DATA BELOW:
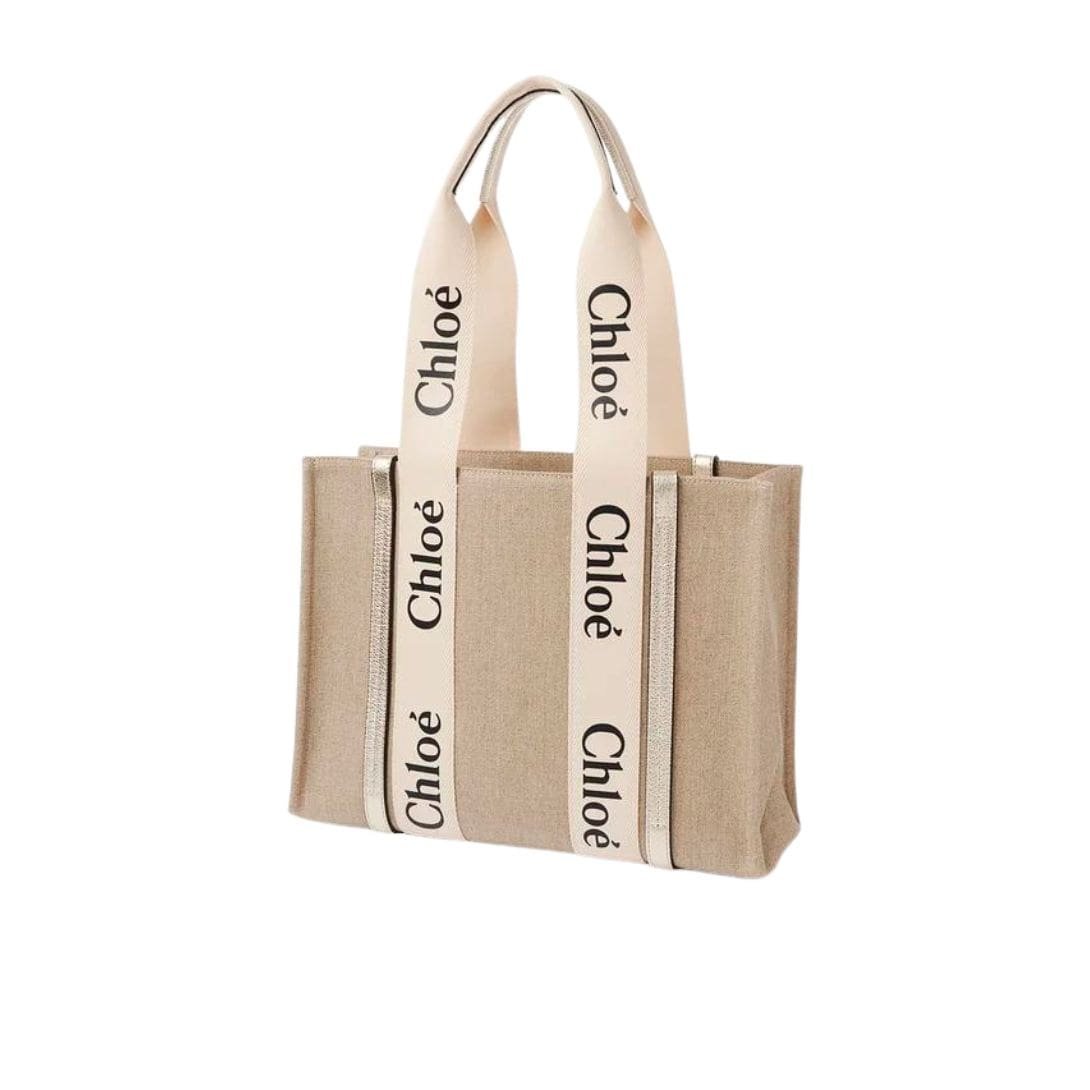 Imbued with sophistication and versatility, the Chloe Medium Woody Tote Bag Light Gold. epitomizes contemporary elegance. Crafted from linen intricately detailed with metallic calfskin, this tote bag seamlessly blends luxurious textures for a striking visual contrast.
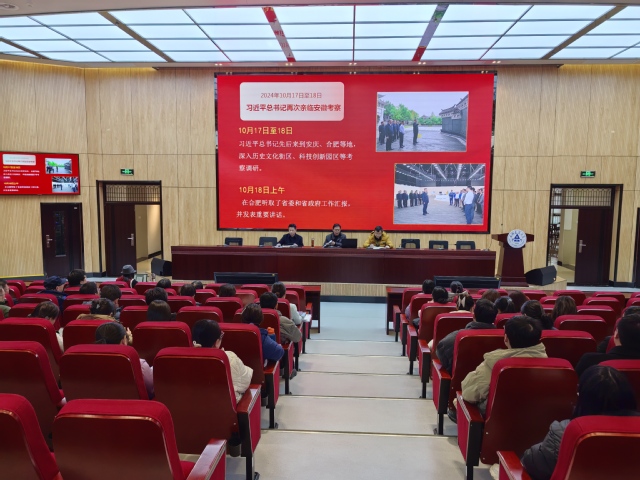 本网讯 12月25日下午,建规学院召开全体教职工大会,专题传达学习习近平总书记考察安徽重要讲话精神。院党委书记唐劲松主持会议并做宣讲,强调要把学习宣传贯彻总书记考察安徽重要讲话精神作为当前和今后一个时期的重大政治任务,认真学习、系统把握,不折不扣抓好落实,奋力谱写中国式现代化安徽篇章。
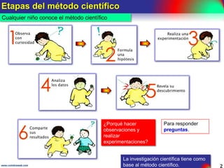 Este documento describe las etapas del método científico y cómo se organiza el manual de acuerdo a estas etapas. El manual está dividido en 6 partes que corresponden a las 6 etapas del método científico: 1) observación, 2) formulación de la hipótesis, 3) experimentación, 4) análisis de datos, 5) revelación de lo descubierto, y 6) reporte de resultados. Cada parte explica los conceptos y procesos involucrados en esa etapa particular del método científico para la investigación.

THE TASK: All that is needed is the span from the line with "本网讯 12月25日下午,建" through the last line of the material above, reproduced exactly and free of pictures.

SOLUTION:
 本网讯 12月25日下午,建规学院召开全体教职工大会,专题传达学习习近平总书记考察安徽重要讲话精神。院党委书记唐劲松主持会议并做宣讲,强调要把学习宣传贯彻总书记考察安徽重要讲话精神作为当前和今后一个时期的重大政治任务,认真学习、系统把握,不折不扣抓好落实,奋力谱写中国式现代化安徽篇章。
 Este documento describe las etapas del método científico y cómo se organiza el manual de acuerdo a estas etapas. El manual está dividido en 6 partes que corresponden a las 6 etapas del método científico: 1) observación, 2) formulación de la hipótesis, 3) experimentación, 4) análisis de datos, 5) revelación de lo descubierto, y 6) reporte de resultados. Cada parte explica los conceptos y procesos involucrados en esa etapa particular del método científico para la investigación.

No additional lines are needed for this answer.